# Directions
Transcribe only the lines in the data below falling between the line with "Light yellow leather" and the line with "The property is", including those two lines, and leave out any picture.

#### Source data ####

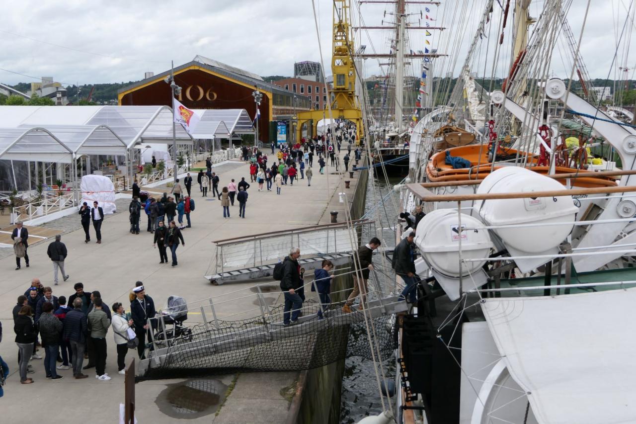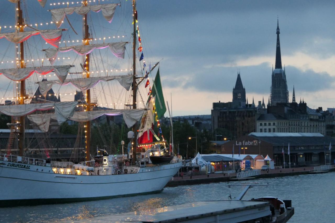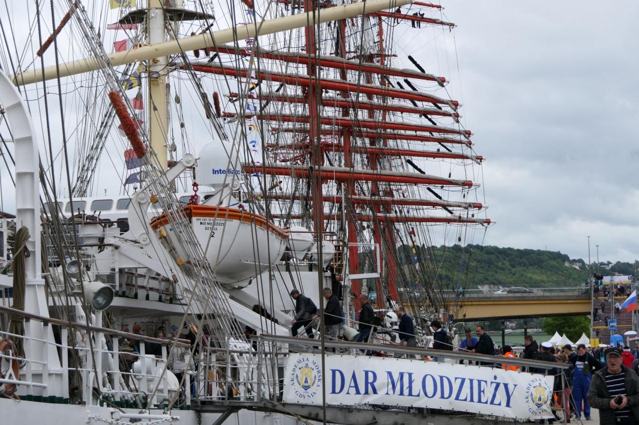 Na redę Le Havre dotarliśmy 05/06 wieczorem i przez całą noc płynęliśmy w górę Sekwany, żeby o 06.00 zacumować wśród największych żaglowców. Tuż za nami stoi Siedow, jest też Mir, Kruzenshtern, Mircea, Shabab Oman II, Cisne Branco, Cuauthemoc, Belem i wiele innych. Podobno ma być 50 statków. Żaglowce stoją blisko siebie po obu stronach Sekwany.
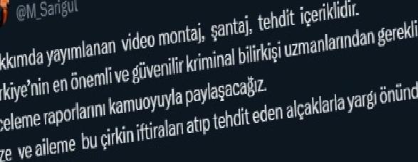 “Hakkımda yayımlanan video montaj, şantaj, tehdit içeriklidir. Türkiye’nin en çok önemli ve sağlam kriminal eksper uzmanlarından gerekli inceleme raporlarını kamuoyuyla paylaşacağız. Bize ve aileme bu yakışıksız iftiraları atıp tehdit eden alçaklarla yargı önünde hesaplaşacağız.”
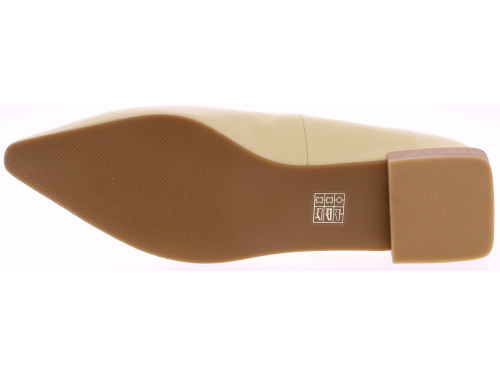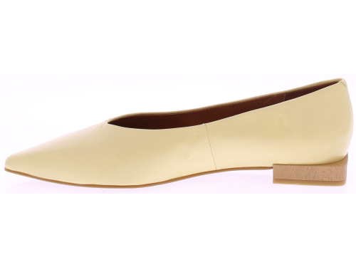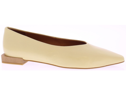 Light yellow leather women's pumps by Angel Alarcón. This ballerina, model 25508, has a pointed toe and a low, slightly square, 2 cm heel. The soft leather fits beautifully around the foot, making this a great everyday style. The simple shape makes it easy to pair with many outfits. Discover other women's pumps by Angel Alarcón at Klijsen.
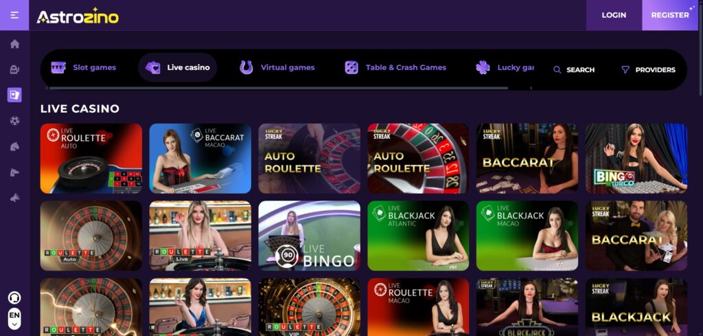 Astrozino Casino is built with a desktop layout that combines simple navigation with a modern look. At the top of the site, players can find quick access buttons for Login and Register, allowing both new and existing users to enter the site easily.
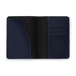 Porta passaporte Bidins em couro sintético, possui três compartimentos na lateral para cartões.
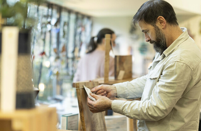 Mindful 2 Paul Murphy examining one of his creations at the Glucksman Craft & Design Fair. C. Keogh. C. Keogh.
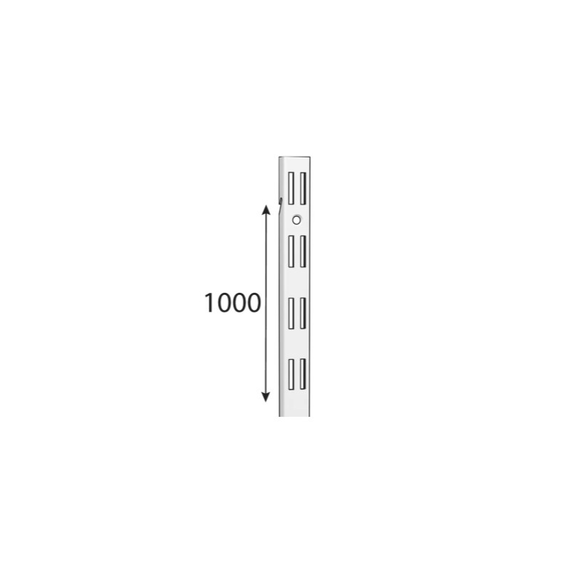 Svislá lišta určená k montáži konzol dvojitého policového systému a rámů regálových košů.
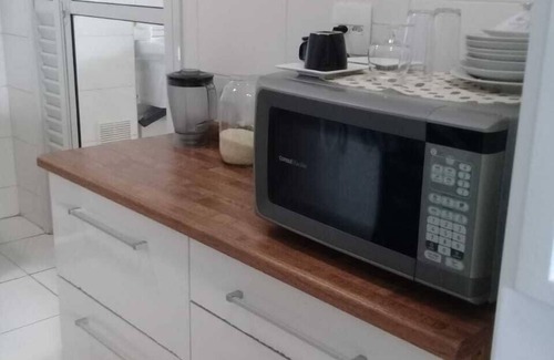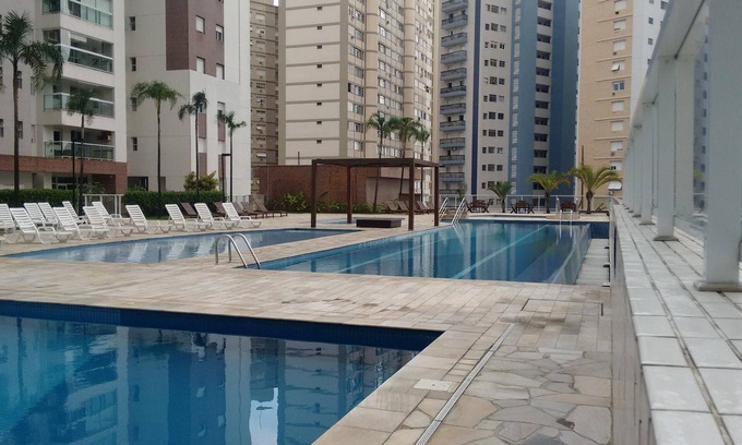 The property is new in Santos that is safe, high floor, sea view, large swimming pools, sauna, playroom, outdoor park, barbecue inside the apartment, climbing, basketball court, futsal court, gym, small grove to do air conditioning, stove, refrigerator, gas shower, concierge, television, beach chairs, umbrella, dining table for 8 people, sofas and holiday environment
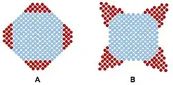 A commonly used production method of nanocrystals is that of growth by monomer addition. A seed is formed or placed in a solution of monomers that are the building blocks of the crystal. The nanocrystal (seed) grows larger by consuming the monomers in solution. The addition of a monomer to the crystal happens at the highest energy facet of the crystal, since that is the most active site and the monomer deposition thus has the lowest activation energy there.[6] Usually, this facet is situated at a corner of the nanoparticle. These facets however, as explained in the section above, are not the most energetically favorable position for the added monomer. Thus the monomer will, if it gets the chance to, diffuse along the crystal surface to a lower energy site.[9]

####

# Response to this exercise
 Light yellow leather women's pumps by Angel Alarcón. This ballerina, model 25508, has a pointed toe and a low, slightly square, 2 cm heel. The soft leather fits beautifully around the foot, making this a great everyday style. The simple shape makes it easy to pair with many outfits. Discover other women's pumps by Angel Alarcón at Klijsen.
 Astrozino Casino is built with a desktop layout that combines simple navigation with a modern look. At the top of the site, players can find quick access buttons for Login and Register, allowing both new and existing users to enter the site easily.
 Porta passaporte Bidins em couro sintético, possui três compartimentos na lateral para cartões.
 Mindful 2 Paul Murphy examining one of his creations at the Glucksman Craft & Design Fair. C. Keogh. C. Keogh.
 Svislá lišta určená k montáži konzol dvojitého policového systému a rámů regálových košů.
 The property is new in Santos that is safe, high floor, sea view, large swimming pools, sauna, playroom, outdoor park, barbecue inside the apartment, climbing, basketball court, futsal court, gym, small grove to do air conditioning, stove, refrigerator, gas shower, concierge, television, beach chairs, umbrella, dining table for 8 people, sofas and holiday environment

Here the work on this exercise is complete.